Peter and Vicky – Visit to Jordan

Dec 10, 2015 | Flashpoints

A chance to help the forgotten refugees in Jordan

We received this report from Peter and Vicki Crawley, who are based in the Middle East.

Robert gave some information about Jordan in his recent Mashal article on the consequences of the emptying of Syria. We would like to share in more detail how we can all help in this, based on a recent visit to Jordan, which impacted us deeply. Jordan as a country has a population of about 6.5m. It is not wealthy, has few natural resources, (tourism is suffering greatly), and relies on international assistance. There are approximately one million refugees in Jordan, that is one for every six people.

Most of these refugees are Syrian – with about 50,000 Iraqis – many of whom are Christian.
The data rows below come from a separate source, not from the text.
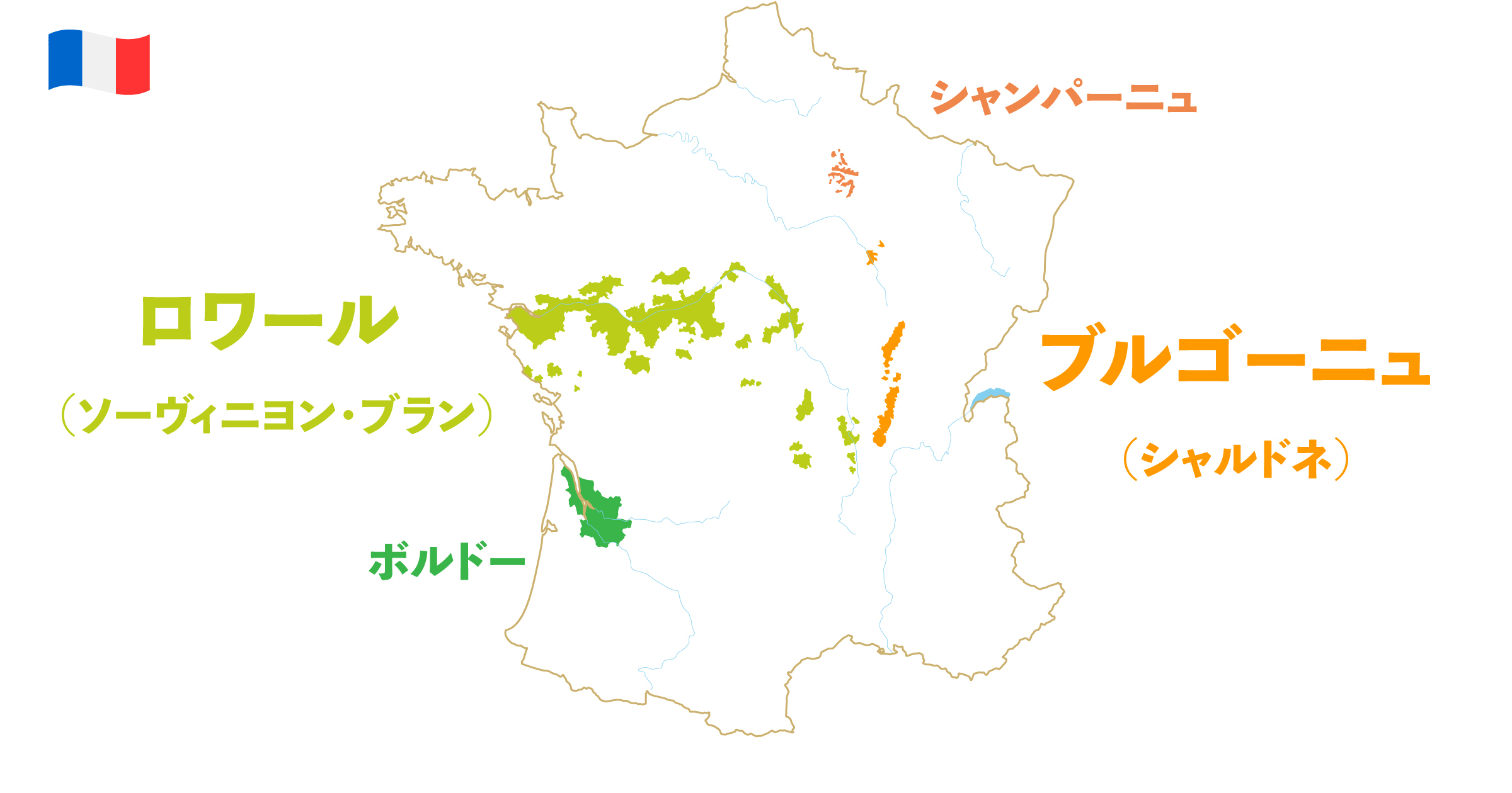 『シャルドネ』はブルゴーニュ地方が発祥とされていて、シャンパーニュ地方などが伝統産地。『ソーヴィニヨン・ブラン』はロワール地方(ロワール河周辺)発祥説が有力で、ボルドー地方に伝わって重要品種になりました。
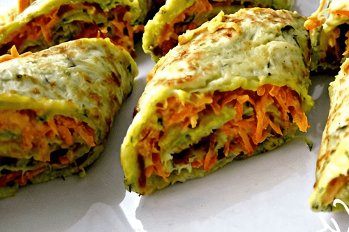 Zucchini pancakes with filling are a refined dish of Georgian cuisine, combining the tenderness of vegetable dough and the spiciness of the filling. Zucchini, minced to an airy consistency, creates a light and porous dough enriched with aromatic spices and fresh dill. The pancakes turn out thin and elastic, while their golden crust gives an appetizing appearance. The filling made of carrots, garlic, and mayonnaise adds pleasant sweetness and spiciness, making the dish rich and balanced. Traditionally, such pancakes are served as an appetizer or light dinner, accompanied by sauces or fresh vegetables. This treat is perfect for both family dinners and festive tables, delighting with its rich flavor and originality.
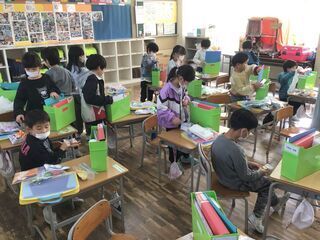 学習用具の、整理整頓をしていました。教科書に粘土ケース、粘土板、算数で使った時計やおはじきのセットなどを、一つずつ順番にしまっていきます。きちんと片付けるのは、1年生にとってはなかなか難しいことですが、こうやってきれいにしておけば、3学期に気持ちよくスタートできそうです。

The UN recognizes the Syrians, and have put in place a programme to help them although it is underfunded and has led to cutbacks being made in food credits paid to them.

The UN does not support or help the Iraqi Christian refugees at all, however. The Red Crescent is not interested in them either. They are a forgotten people. One of the few NGOs which works with them is Global Hope International.

We visited with the Global Hope team (there are just four on their staff in Jordan) plus volunteers. The four staff of Global Hope are utterly amazing; they are ordinary people just like you and me, and yet they are doing an extraordinary work, caring for all they come across, no matter what their faith.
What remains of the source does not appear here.